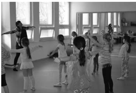
Výuka tanečního oboru ZUŠ probíhá v novém tanečním sále.

Právě v nových prostorách tanečních a výtvarných oborů v budově Základní praktické školy Hustopeče se ve středu 4. září konal Den otevřených dveří. „Děti i s rodiči mohou nahlédnout do našich nových prostor a uvidí, jak bude výuka probíhat. Máme ji rozdělenou do několika kurzů, pro mladší tanečnický od pěti do osmi let, a pro ty starší od devíti
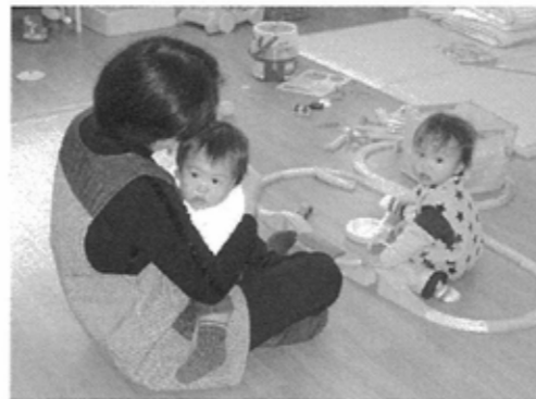
エクラ託児ルーム「ちびっこバク」

開始時期: 10月から月2回程度予定しています *うるおい交流館の託児ルームを開放します! 気軽におしゃべりを楽しみませんか?

-- TASK PROMPT --
The whole listing above, line by line, needs to be copied exactly, except for any images.

-- WRITTEN RESPONSE --
Výuka tanečního oboru ZUŠ probíhá v novém tanečním sále.

Právě v nových prostorách tanečních a výtvarných oborů v budově Základní praktické školy Hustopeče se ve středu 4. září konal Den otevřených dveří. „Děti i s rodiči mohou nahlédnout do našich nových prostor a uvidí, jak bude výuka probíhat. Máme ji rozdělenou do několika kurzů, pro mladší tanečnický od pěti do osmi let, a pro ty starší od devíti
エクラ託児ルーム「ちびっこバク」

開始時期: 10月から月2回程度予定しています *うるおい交流館の託児ルームを開放します! 気軽におしゃべりを楽しみませんか?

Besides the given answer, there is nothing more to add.